From starting to serving: 4.5 hours + marinating. Active time: 30 minutes.
How the chefs explain it:
Marinate shanks in yoghurt and madras, brown thoroughly. Soften aromats and fry dry spices. Simmer in tomato & stock, serve with rice and garnishes.
- Put the yoghurt, curry sauce and shanks in a large, sturdy, zip lock bag. Remove excess air, close the bag and massage thoroughly to coat the shanks then refrigerate overnight.
- The next day, remove the shanks from the bag, using the bag to wipe off as much of the marinade as you can. Reserve the marinade.
- Heat the oil over medium heat and brown the shanks on all sides.
- Remove the shanks, and in the same pan cook the onion until golden brown.
- Add the garlic, ginger and curry powder, and cook for a further three minutes.

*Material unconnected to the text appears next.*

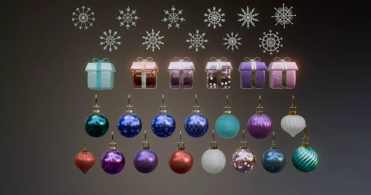 In this pack, you will get 11 Unique Snowflakes,6 Gift Boxes,15 Ornament Balls,created with Blender.All materials are fully procedural in Blender.Includes metallic, glossy, glass and glitter shaders.Perfect for holiday renders, product visuals, and festive illustrations etc.

- Add the tomatoes, chicken stock, cardamom, cinnamon and the reserved lamb marinade and stir to combine.
- Return the lamb to the pan, bring to a boil.
- Cover the pot and simmer for 3 hours.
- Remove the lid and simmer for another hour to reduce the gravy.
- When the lamb is very tender, leave to rest for 30 mins or leave to cool completely and reheat the next day for the best flavour.
- Serve with steamed rice, chopped mint and yoghurt.